Темнота нехотя сползает по черепицам, утекает водосточными трубами к земле, в землю, цепляется за ветви деревьев, где ночуют пернатые, и те начинают предутренние беседы, не наговорившись за прошлый день. Воркованием голубя. Наглым карканьем вороны. Легкомысленным чириканьем воробья, хрипатым вскриком грузной сойки-красавицы, который не заглушить подушкой на ухе, призывным теньканьем крохотного цуфита-медососа, в горле которого запрятана свистулька, – гортани не подвластны такие высвисты.
– Цлиль… Цлиль…
– Длиль… Длиль…
– Циф-цуф, Пинкель… Циф-цуф…
Утренний урок птичьих наставников: неугомонный зарзир, стремительная снунит, хлопотливая нахлиэли, – при пересечении границ и климатических поясов они обретают иные наименования: скворец, ласточка, трясогузка. И не отнекивайтесь, не надо: не выучишь их язык – не познаешь притчи пернатых, завлекательнее которых нет на свете, не разгадаешь предвечерние полеты в небесах, стремительные развороты с набором высоты, показательные групповые выступления воздушных акробатов.
Учите птичий язык – не прогадаете.
– Не Пинкель, – бурчит всяким утром. – Финкель. Фин-кель! Могли бы запомнить…
Бабушка Хая поведала внуку: если полыхнет крыша синагоги, огонь подберется к бесценным свиткам, птицы налетят стаями, загасят пожар, махая крыльями, отведут беду. «Деточка, – попросила бабушка, – не обижай пернатых», и он не обижает, хоть на рассвете очень этого хочется.
– Мац-хик, Пинкель, мац-хик… – это уже духифат, суетливый удод в полосатом окрасе, с тонким удлиненным клювом, хохолком над головой, изумленный видом своим, прозванием и незаслуженной славой.
Отвечает ему, отвечает всем, не желая откидывать одеяло:
– Ваши «цилум-цилум» – не на наше разумение… Говорил мой незабвенный друг: кто рано встает, тот много тратит.
А они за свое, призывая к подъему:
– Шум-клум, Пин-кель… Шум-клум…
– Кум, Пин-кель… Кум-кум…
Но встать не так просто, оторвать голову от подушки, ноги опустить на пол. Обнаружились части обжитого тела, не согласные со своим владельцем, стали ему противиться, а точнее, болеть. Они начинают с пробуждения, на все голоса – нытьем в пояснице, покалыванием в груди, молоточками в висках: «Хватит, дорогой. Наработались. Иссякает число наших дней».
Финкель с этим не согласен. Возражает наперекор всему, одолевая утреннюю немочь:
– Прожить бы еще лет двести – двести пятьдесят, но станут ли так долго платить пенсию?..

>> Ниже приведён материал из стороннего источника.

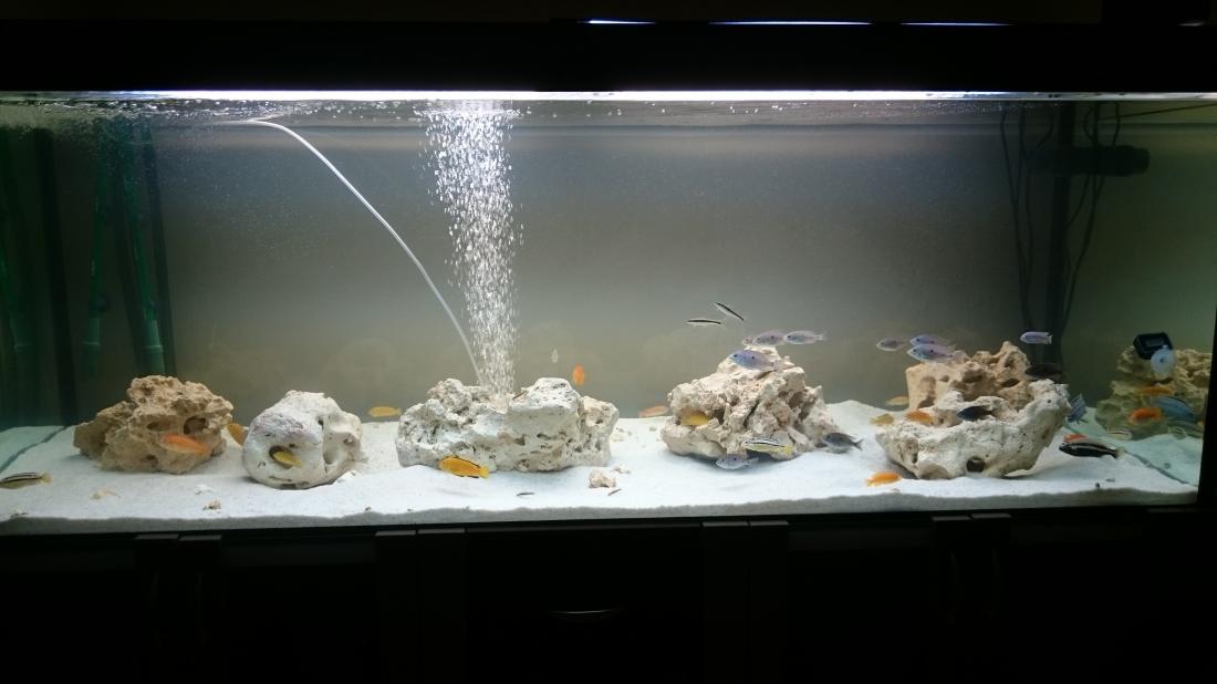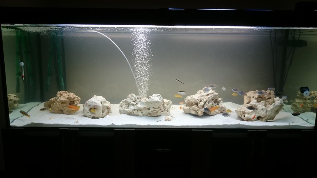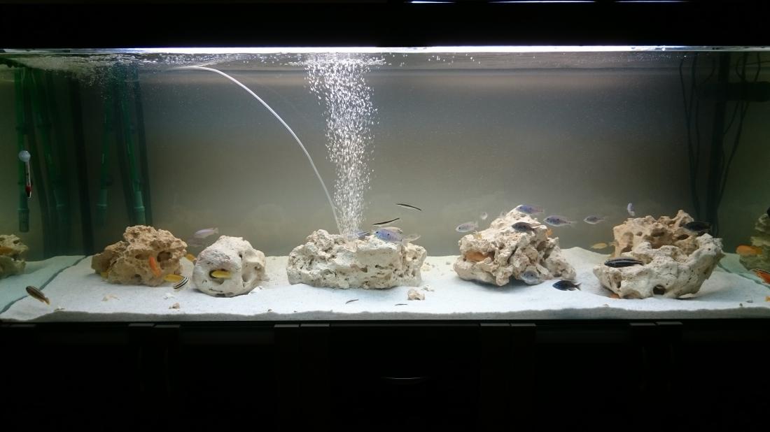 Ja by som osobne vymenil kamene,tieto vápencové dal preč a nahradil nejakými ,,prírodnejšími,, Objem super,osádka tiež.Plánuješ ešte pridať nové ryby alebo toto je finálová osádka?

К старости Финкель изменил фамилию, самую ее малость. Стал Гур-Финкель, Детеныш-Финкель на языке здешнего проживания, чтобы оправданно оставаться в младенческой ненасытности, – вот только силы где взять, силы?!.. На стене висят часы. Батарейка давно скисла, стрелки зависли в недвижности, а может, завис он сам в ожидании последних чудес. Подкапливается заряд в батарейке, пробуждаются от спячки ионы с электронами, минутная стрелка немощно подергивается на месте – на большее недостает усилий. Слышит слабые ее щелчки, видит упорные попытки: «Не всё потеряно. Еще не всё…», но батарейку в часах не меняет. Дни катятся чередом, уловляя в нехоженые дали, и вот молитва старого человека на исходе ночи:
– Господи, не прошу у Тебя многого, я не такой нахал, как некоторые! Прошу самую малость, Повелитель Вселенной, чтобы не сгинуть от натуги в непригожем месте, в непотребном виде. Проложи путь без помех, Господи, дай ощутить облегчение всяким утром, после завтрака, часам к восьми-девяти, радующую безмерно пустоту кишечника. Ибо голова наполняется, когда желудок пустеет, становится годной для размышлений и изысканий. Согласись, Господи, я не прошу невозможного. Самое необходимое в моем положении, самое важное и нужное…
Разговорился – не расслышал звонка на входе. Спасибо – птицы надоумили:
– Циль-цуль, Пинкель… Циль-цуль…
А в дверь уже забарабанили: кому-то невтерпеж. Идет открывать, приговаривая на ходу:
– Вот он шагает. Легко и размашисто. Широко и неспешно. Не шмыгает, не шаркает. Приближается неумолимо, надвигается неотвратимо…
На лестничной площадке ожидает верзила головой под притолоку. Обеспокоенный и встревоженный. Кладет руки на плечи Финкеля, глядит сверху вниз, высматривая прогалы в его шевелюре:
– Врач сказал, что я ничем не страдаю, а оттого вылечить меня непросто…
5
Он объявился на свет, чтобы сразу же умереть, а его сосед по палате – чтобы жить, и жить замечательно.
Они проклюнулись в один час, под одной крышей и лежали в кроватках, отмытые от родовой нечистоты. Сосед по палате глядел на мир иссиня-ясным взором, с доверием, симпатией, как попал в обжитой дом, где тепло, светло, необидчиво. А у него были глухие, лаком покрытые глаза; всматривался он, казалось, внутрь себя, точнее, внутрь утробы, из которой вышел.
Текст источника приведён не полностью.